__Entries provided__:
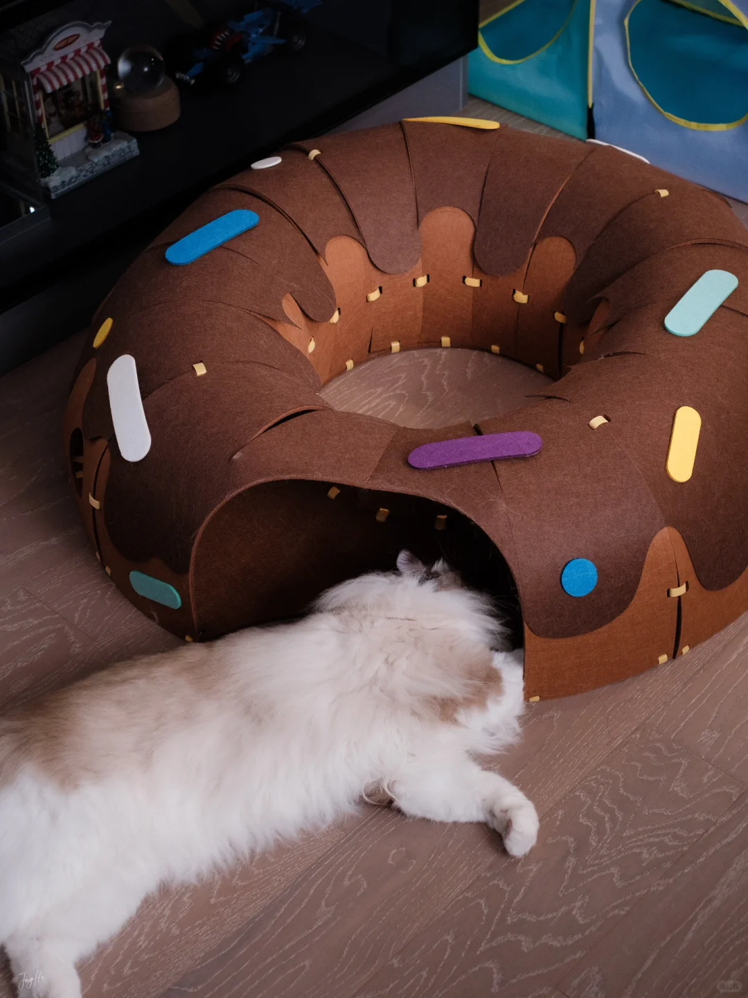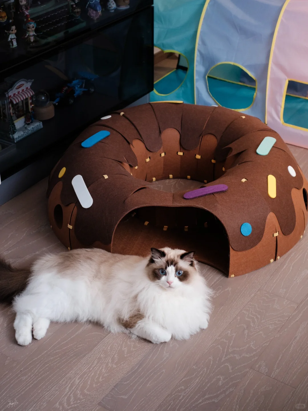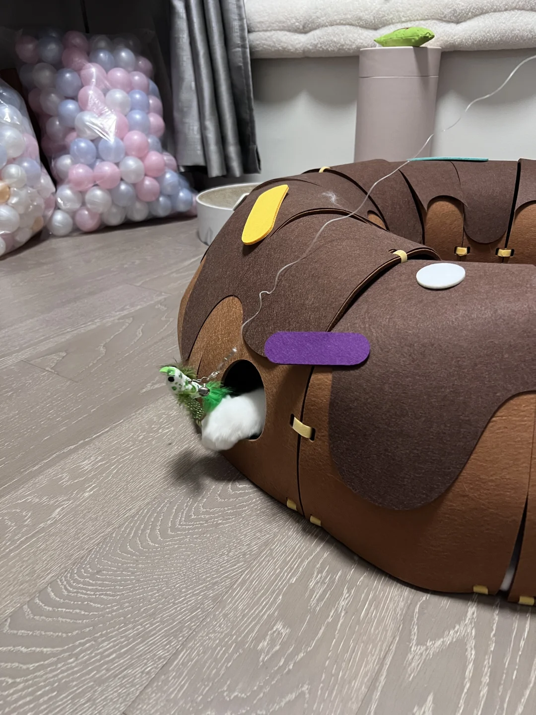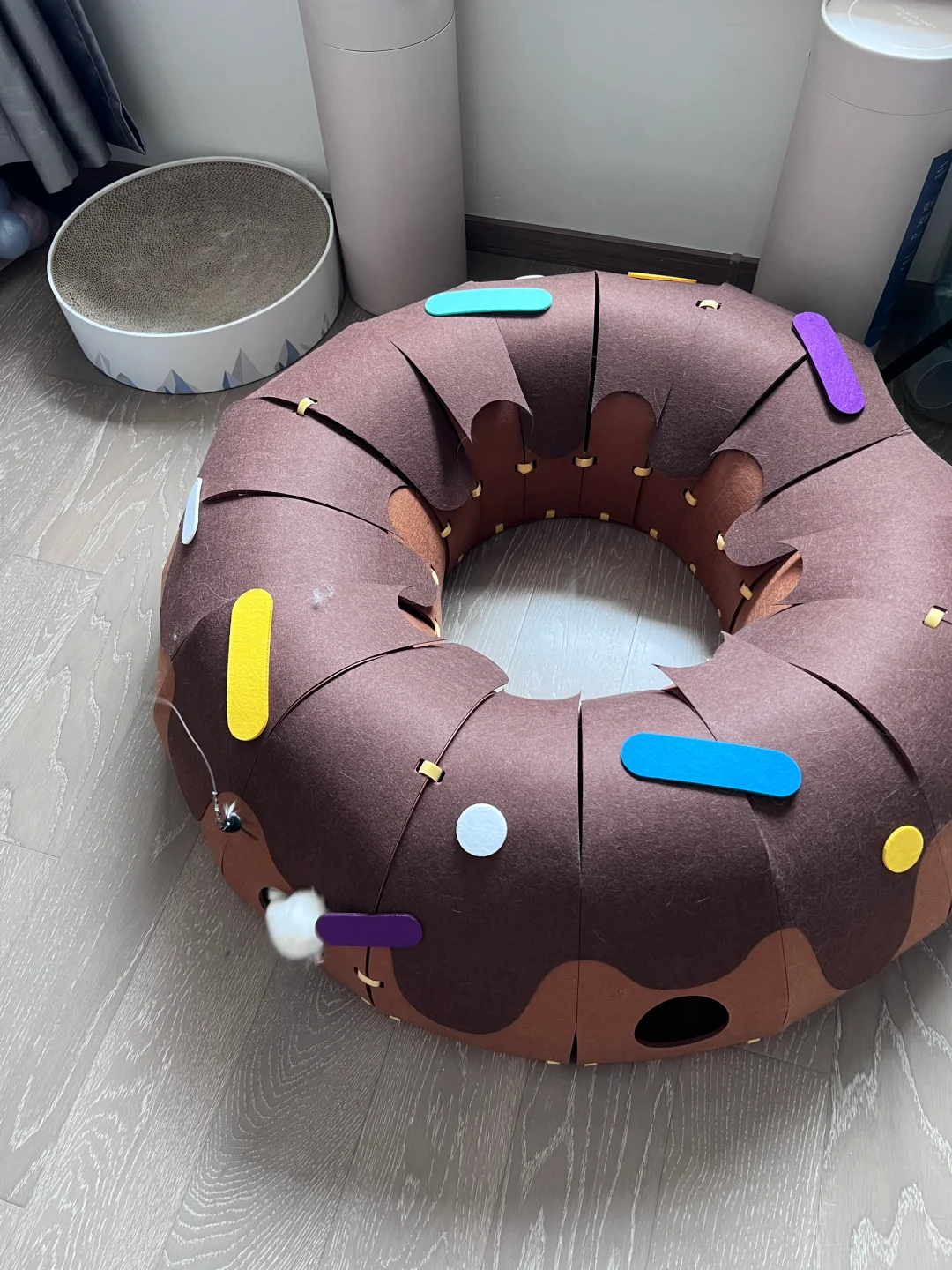 安装有点费劲,每个小孔都要自己手动绑带 装饰点缀也需要自己设计一下 但成品真的很值得!! 颜值很高的一款隧道!! 寿司很爱钻进去躲着 或者直接在里面睡觉 玩逗猫棒配合甜甜圈也更好玩了 总之隧道类玩具真的太符合猫咪天性了 怎么买都不会出错! 唯一缺点是太粘毛 清理也有点费劲 但孩子喜欢 无所谓! 购于Queen喵的王国
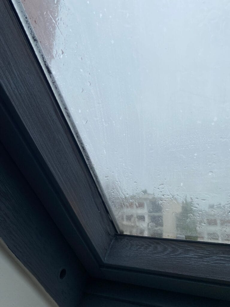 Lorsque la personne prend sa douche, de l’humidité stagne en abondance dans la pièce (>80%): de la buée et des gouttelettes se forment sur la vitre de la fenêtre.
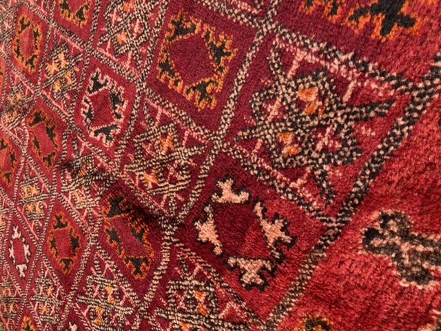 Notre passion pour la décoration d'intérieure et le tapis s’exprime aussi en partageant avec vous une partie de nos plus belles pièces déniché dans les marchés, les villages et les montagnes du Maroc comme ce tapis de famille en excellente laine généreuse et super douce et un dos magnifiquement décorée en motif berbère. La couleur principale est un rouge chaud intense, avec des motifs éclectiques en divers couleurs.
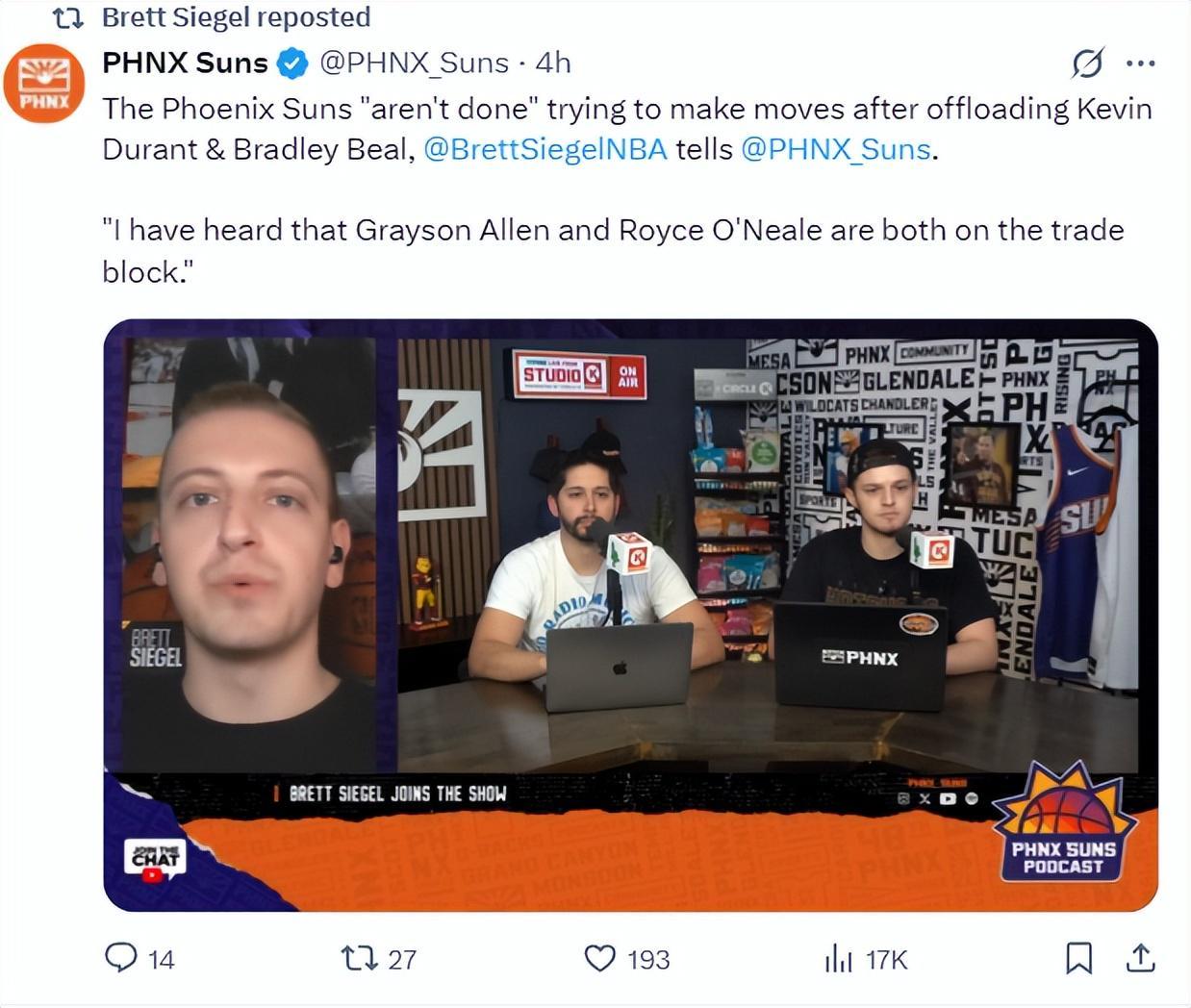 Brett Siegel透露太阳队后续还会继续运作,小奥尼尔、阿伦都已经摆上货架,他们正在多队询价,太阳想要能得到一些次轮签资产或年轻球员。
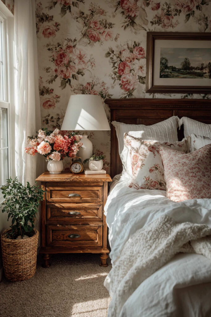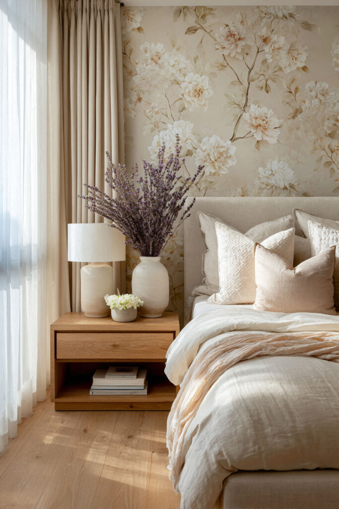 I really recommend investing in one high-quality floral element – maybe a beautiful upholstered bench or custom curtains. Pair with solid, luxurious bedding and minimal accessories. This approach says “elegant woman who knows herself” rather than “trying too hard.”
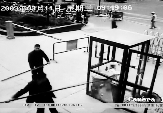 “問(wèn)題是,他們?cè)诒0矝](méi)有任何防備的情況下,沖上來(lái)就打人。三個(gè)人打倒了我們的兩個(gè)保安,還有四五個(gè)人受傷,10多名保安被打得逃到教工路上躲了起來(lái),現(xiàn)在還有一個(gè)躺在醫(yī)院里。我講的都是真實(shí)的情況,如果你不相信,可以過(guò)來(lái)看監(jiān)控錄像。”他氣憤地說(shuō)。(包敦遠(yuǎn))
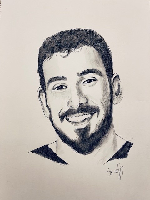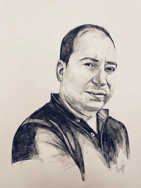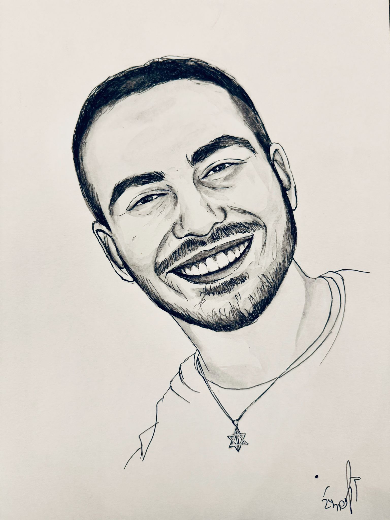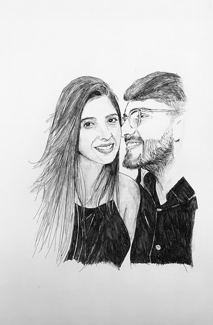 דיוקן עבודת יד, רישום עט על נייר איכותי, ממוסגר ועטוף מכל הלב, כל מה שאתם צריכים זה רק לשלוח תמונה
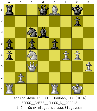Last move : 1-0 2007 August 16 23:4:40 [Event "FICGS__CHESS__CLASS_C__000042"] [Site "FICGS"] [Date "2007.05.06"] [Round "1"] [White "Carrizo,Jose"] [Black "Dadban,Ali"] [Result "1-0"] [WhiteElo "1724"] [BlackElo "1816"] 1.e4 e5 2.Nf3 Nc6 3.Bb5 a6 4.Ba4 Nf6 5.O-O Be7 6.Re1 b5 7.Bb3 d6 8.c3 O-O 9.d4 Bg4 10.Be3 exd4 11.cxd4 Na5 12.Bc2 c5 13.h3 Bh5 14.g4 Bg6 15.Nbd2 Nc6 16.d5 Nb4 17.Bb1 a5 18.a3 Na6 19.Nh2 Nd7 20.f4 f6 21.Nhf3 Re8 22.Qc2 Bf8 23.Nh4 c4 24.Nxg6 hxg6 25.a4 Nb4 26.Qc3 bxa4 27.Nxc4 Nc5 28.Bxc5 dxc5 29.d6 Nc6 30.e5 fxe5 31.Bxg6 Bxd6 32.Bxe8 1-0 Ruy Lopez : Closed Kingside Castling by player White (move 5) Kingside Castling by player Black (move 8) Player White won this chess game. Follow this game move after move (download)You have to have the fighting spirit. You have to force moves and take chances. (Bobby Fischer) Die unerbitterlichsten Regeln im Schach sind die Ausnahmen. (Savielly Grigorievitsch Tartakower) No nos podemos resistir a la fascinación de un sacrificio ya que la pasión por los sacrificios es parte de la naturaleza de un jugador de Ajedrez. (Rudolf Spielman) Si rien de grave n'est détecté lors de l'analyse d'une position, on joue alors le coup. Seconde règle de Blumenfeld. There are three kinds of lies: lies, damned lies and statistics. (Mark Twain)

__Activity__: Repeat word for word the lines above, from the first entry through the line containing "Notre passion pour", with both ends kept and the pictures dropped.

__Written solution__:
 安装有点费劲,每个小孔都要自己手动绑带 装饰点缀也需要自己设计一下 但成品真的很值得!! 颜值很高的一款隧道!! 寿司很爱钻进去躲着 或者直接在里面睡觉 玩逗猫棒配合甜甜圈也更好玩了 总之隧道类玩具真的太符合猫咪天性了 怎么买都不会出错! 唯一缺点是太粘毛 清理也有点费劲 但孩子喜欢 无所谓! 购于Queen喵的王国
 Lorsque la personne prend sa douche, de l’humidité stagne en abondance dans la pièce (>80%): de la buée et des gouttelettes se forment sur la vitre de la fenêtre.
 Notre passion pour la décoration d'intérieure et le tapis s’exprime aussi en partageant avec vous une partie de nos plus belles pièces déniché dans les marchés, les villages et les montagnes du Maroc comme ce tapis de famille en excellente laine généreuse et super douce et un dos magnifiquement décorée en motif berbère. La couleur principale est un rouge chaud intense, avec des motifs éclectiques en divers couleurs.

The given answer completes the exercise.